### TASK TO COMPLETE
Print nothing but the lines below starting at the line that holds "Spaghetti mit Rote-Rüben-Walnuss-Pesto" and ending at the line that holds "Sie können Ihre", including both, each exactly as written.
EXERCISE INPUT Start Marker
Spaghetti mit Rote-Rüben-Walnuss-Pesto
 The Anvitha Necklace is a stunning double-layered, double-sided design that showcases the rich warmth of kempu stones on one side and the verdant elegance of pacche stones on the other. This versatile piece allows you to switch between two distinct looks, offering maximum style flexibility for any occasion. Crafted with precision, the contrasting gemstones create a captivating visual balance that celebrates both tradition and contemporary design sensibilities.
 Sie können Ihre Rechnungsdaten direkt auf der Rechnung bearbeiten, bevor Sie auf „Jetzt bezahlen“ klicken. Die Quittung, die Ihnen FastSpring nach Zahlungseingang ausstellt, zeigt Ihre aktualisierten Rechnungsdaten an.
EXERCISE INPUT End Marker
EXERCISE INPUT Start Marker
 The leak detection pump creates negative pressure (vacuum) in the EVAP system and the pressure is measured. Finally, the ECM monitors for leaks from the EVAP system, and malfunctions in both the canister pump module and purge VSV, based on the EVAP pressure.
EXERCISE INPUT End Marker
### FINISHED EXERCISE
Spaghetti mit Rote-Rüben-Walnuss-Pesto
 The Anvitha Necklace is a stunning double-layered, double-sided design that showcases the rich warmth of kempu stones on one side and the verdant elegance of pacche stones on the other. This versatile piece allows you to switch between two distinct looks, offering maximum style flexibility for any occasion. Crafted with precision, the contrasting gemstones create a captivating visual balance that celebrates both tradition and contemporary design sensibilities.
 Sie können Ihre Rechnungsdaten direkt auf der Rechnung bearbeiten, bevor Sie auf „Jetzt bezahlen“ klicken. Die Quittung, die Ihnen FastSpring nach Zahlungseingang ausstellt, zeigt Ihre aktualisierten Rechnungsdaten an.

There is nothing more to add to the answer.